Alexey Nikolaevitch Pleshakov () (January 1, 1954). He was elected as the Head of the local government board of Dzerzhinsky on July 25, 2006 after Victor Dorkin was shot dead in early spring, 2006.

Graduated from Moscow Institute of Chemical Industry in (1976) and was assigned to Lyubertsy Science and Research Institute of Chemical Technology in Dzerzhinsky city.
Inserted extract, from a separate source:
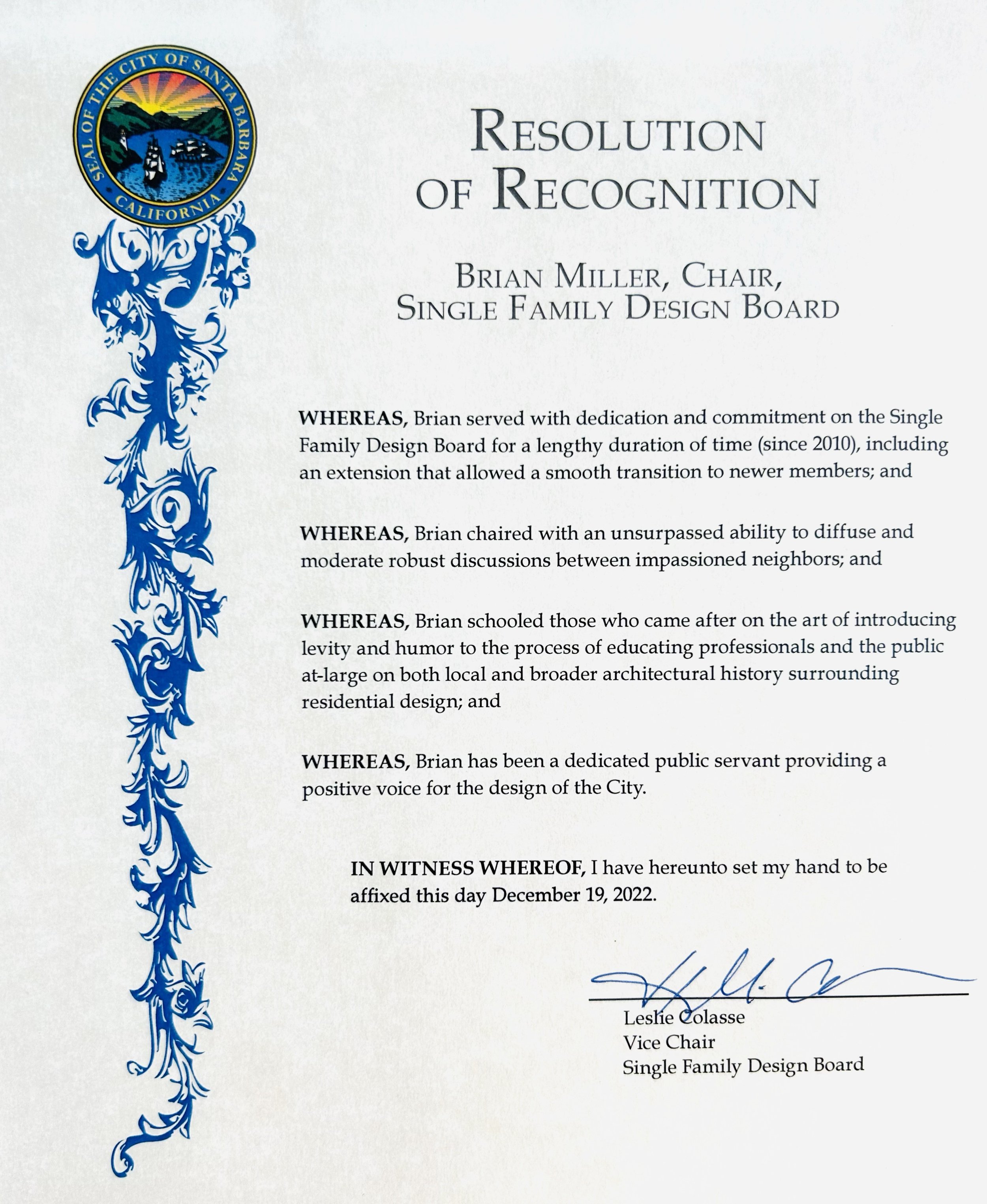 Special recognition for 14 years of service on the Santa Barbara Single Family Design Board.

Worked on solid-state rocket fuel.

1997-2005 worked as the deputy of the Head of the local government board of Dzerzhinsky city (town-planning and municipal housing department).

Since September 2005 and until his recent election directed the department of Moscow region civil engineering ministry where he organized and coordinated construction of sport facilities (Moscow region Governor Program)

Awarded with the Moscow region Governor Medal "for his unexceptionable service" and with the badge "For the services he rendered for Dzerzhinsky town"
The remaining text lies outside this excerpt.